Both case studies show that Navy human teams, even with a reasonable expectation of combat, can take several minutes to recognize the situation and act. Factoring in hypersonic weapons, watch teams must now process the threat even more rapidly, take defensive measures, and perhaps, succeed in knocking the one incoming missile from the sky, to say nothing of a salvo of missiles. Factor in any friction, such as whether the aircraft detected is hostile or not, as in the case of Vincennes, and the decision cycle will be even further lengthened, assuming action is ordered at all.

Searching for a Solution

The related fields of artificial intelligence, machine learning, and deep learning have unique applications for naval warfare in the hypersonic age. Deep-learning machines formed the core of the ATHENA ship self-defense system in Peter Singer and August Cole’s Ghost Fleet, responding to incoming attacks with a precision and speed unachievable by human operators, automatically identifying, tracking, and assigning the best weapon to counter the threat, and, if in automatic, launching weapons to defeat it. Moving away from fiction, machine-learning algorithms would help the Navy baseline its systems and spaces to aid in damage control, detect and track contacts (especially in highly uncertain areas like sonar), and much more. Artificial intelligence algorithms can be trained to pair with humans to complete tasks like mission planning and developed to provide greater information, not just data, across the decision cycle. In particular, deep learning shows a remarkable ability to distill patterns across many sets of data. In the case of Vincennes, an algorithm could have parsed airline flight schedules or historical air traffic patterns and dispassionately evaluated Iran Air 655 as a non-threat. Similar pattern analysis would have aided Stark in identifying the attack profile presented by the Iraqi Mirage.

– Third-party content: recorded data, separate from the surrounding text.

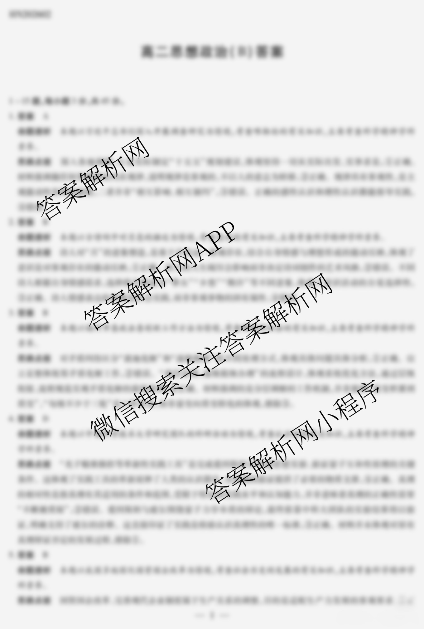 - 2025~2026[高二]天一大联考河南省学年2月联考(HN202602)政治(A)答案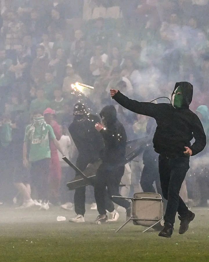 Saint Etienne’s fans raid stadium, and chase players with fireworks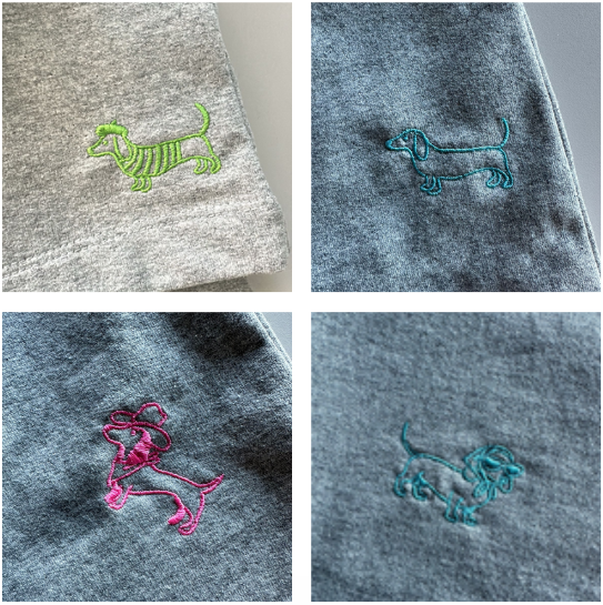Kies je borduursel uit onze vier iconische teckels:

The Navy has begun to invest in artificial intelligence, but the efforts have been lackluster. Writing in War on the Rocks recently, Connor McLemore and Hans Lauzen provided great advice for the Navy as it looks to invest heavily in artificial intelligence. Many other authors have already proposed applications of artificial intelligence in other maritime areas, but the service’s urgency to deploy algorithms has lagged significantly behind. The institution’s overall advance into artificial intelligence is everything you would expect from a major, cross-cutting new development effort in a military branch — unfocused and lacking vision. Any proposed “strategy” looks more like a shopping list than a coherent strategy linking a diagnosis of the problem with a guiding policy and set of coordinated actions to achieve it. Navy leaders have come out openly to discuss the pursuit of artificial intelligence, but those statements do not indicate that the Navy will fundamentally change the way that it develops and acquires software or delivers capability to sailors. Given the proposed timelines for fielding modernization packages to ships and aircraft, and of developing and maturing net technologies, the Navy’s pursuit of artificial intelligence will likely be insufficient to counter the threat. America’s adversaries are publicly disclosing the successes of their hypersonic weapons. Their new capabilities seem to be deploying with greater speed and agility than the Navy is capable of doing right now. Artificial intelligence algorithms are what we train them to be based on the data sets we have. Regardless of the Department of Defense’s recently released artificial intelligence strategy, the lack of a coherent strategy and vision for what the Navy’s research and development or acquisition enterprises should be developing will only hamper efforts to deploy credible capabilities in the eyes of the warfighters.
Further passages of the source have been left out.